Tiger and the taxpayer
Just as Tigermania was taking hold in Melbourne last November, a Sydney-based British reporter was dispatched to the city by the American tabloid, the National Enquirer, and told to look out for an attractive women wearing knee-length boots and a distinctive belt. She was reportedly "stalking" the world's number one golfer.
Sure enough, the reporter spotted a woman meeting that description checking into Tiger's hotel, the Crown Towers, and digital photographs were taken to record the moment. For the National Enquirer, the snapshots were a smoking gun, since the woman was not a "stalker" at all but one of Tiger's alleged mistresses - the first to be "outed" in the scandal which pummelled his reputation, threatened his career and jeopardised his marriage.
The irony is that during his stay in Melbourne, his first trip to Australia in over a decade, Tiger had presented himself as a model professional. Lured to Victoria with the sweetener of about $A1.5m ($1.35m: £900,000) in taxpayer's money, he happily promoted Melbourne's sandbelt golf courses. Then he went on to win the Australian Masters' tournament, proudly donning the winner's yellow jacket at its end. It proved to be his last tournament before his self-enforced break from the game.
Now Victorians are being asked to consider whether taxpayer's money should be spent on hosting Tiger again.
It is an election year in the state, and the question has been raised by Peter Ryan, the leader of the Victoria Nationals and the deputy opposition leader. It follows news that the Labor state government is considering offering Tiger public money to come back.
"I think that there is a reticence in community about doing that and I think the premier should hasten slowly," Peter Ryan told the last week. "I mean like it or not, people who fulfill a role such as that which Tiger Woods does are role models. They mightn't choose to be so but they are. I think it can very fairly be said that when he was in Australia last year, he conducted himself in the public eye accordingly."
"I think there was universal acclaim for the way in which he presented himself. We now know of course, that other things were occurring in different areas of the man's life and I think therefore that people have a sense of being let down."
On economic grounds alone, financing Tiger's return seems like a no-brainer. The golfer turned out to be a one-man stimulus package during his last trip, and the state government calculated that he had injected more than $A34 million into the Victoria economy. But this is being posed now as a moral question.

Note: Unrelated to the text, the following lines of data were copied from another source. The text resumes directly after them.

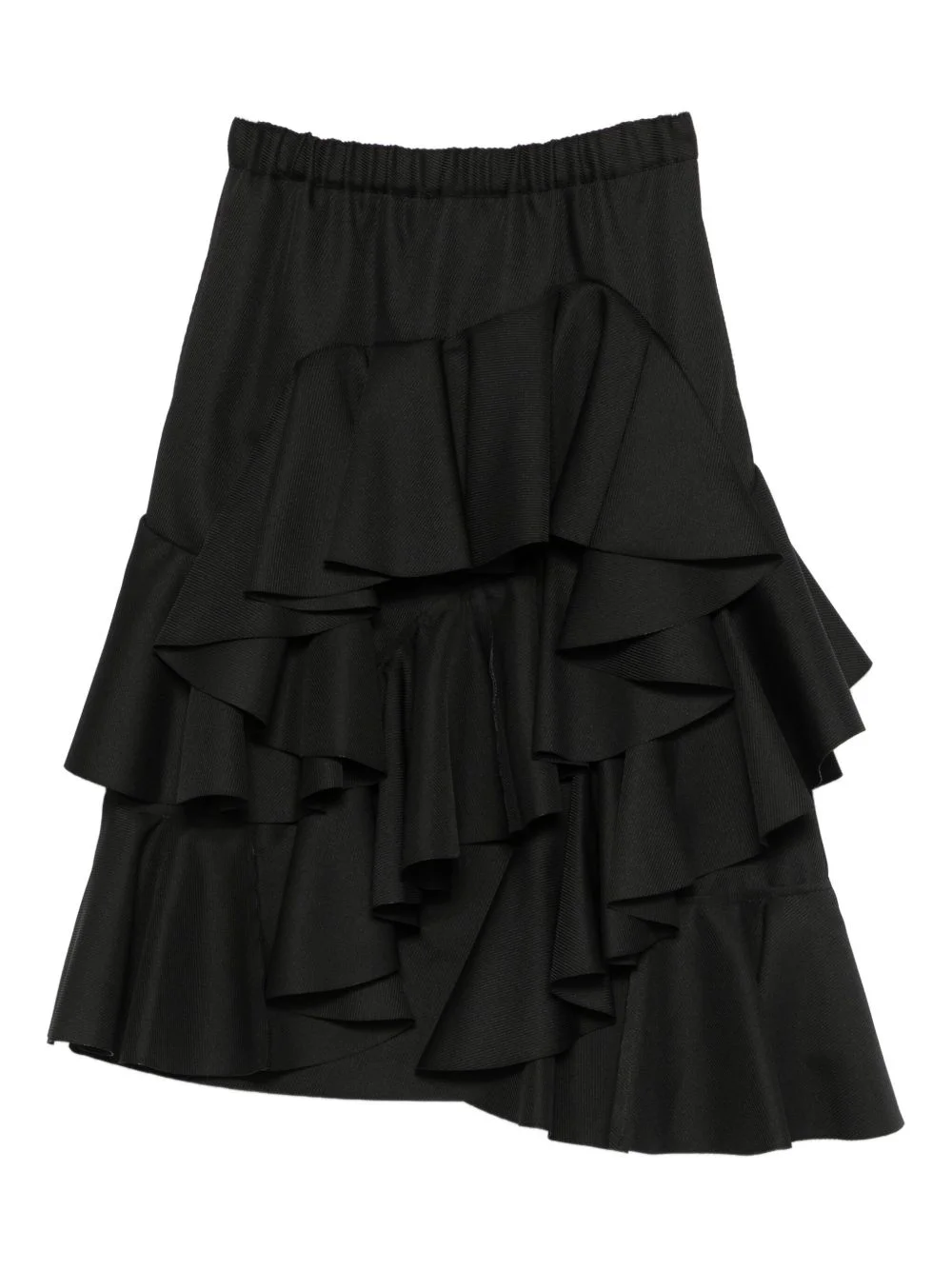 ruffled midi skirt Highlights - Black - Elasticated waistband - Tiered ruffles Imported Composition Polyester 100% SIZE & FIT Model measurements Height 5 ft 9 in(1.76 m) Bust/Chest 31.88 in(81 cm) Hips 35.43 in(90 cm) Waist 24.8 in(63 cm) Washing instructions Hand Wash
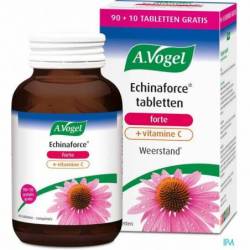 Eén tablet Echinaforce forte + vitamine C bevat 75% van de aanbevolen dagelijkse hoeveelheid vitamine C. Vitamine C is een essentiële vitamine voor het menselijk lichaam. Het ondersteunt de weerstand en bevordert de opname van ijzer uit de maaltijd. Vitamine C is bovendien een anti-oxidant dat helpt bij de bescherming van gezonde lichaamscellen. Zo speelt het een belangrijke functie bij het behoud van gezonde botten, tanden, goede bloedvaten en andere lichaamsweefsels.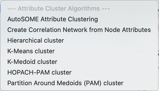 - Attribute Cluster Algorithms: a list of node attributes or a single edge attribute is chosen to perform the clustering. The normal visualization is some kind of heat map where the rows correspond to the nodes in the network. Selection of a row selects the corresponding node in the network. If an edge attribute is chosen, the columns also correspond to the nodes in the network and selection of cell in the heat map selects an edge in the network.

The Labor state government has accused Mr Ryan of being a moral policeman. Others have noted that his comments tap into a puritanical streak which has long been evident in Australia in general and Victoria in particular - a censorious impulse which Australians called wowserism.
Certainly, the debate over whether Tiger's off-course behaviour should disqualify him from receiving taxpayer's money take us into curious territory, and raises all sorts of questions about moral equivalence.
Should the same rule be applied to other visiting sports stars? And to what extent? The upcoming Australian grand prix takes place in Melbourne at the end of March, at huge expense to the taxpayers of Victoria. Should the visiting drivers be scrutinised for wrong-doing, and the funding be conditional?
Should it be applied to foreign dignitaries, whose visits often come with a huge security bill?
And what of home-grown sports stars, who often receive public subsidies indirectly?
Or is this simply an instance of wowserism gone mad?
Tiger has recently been dropped by Gatorade, AT&T and Accenture. Should the taxpayers of Victoria follow suit?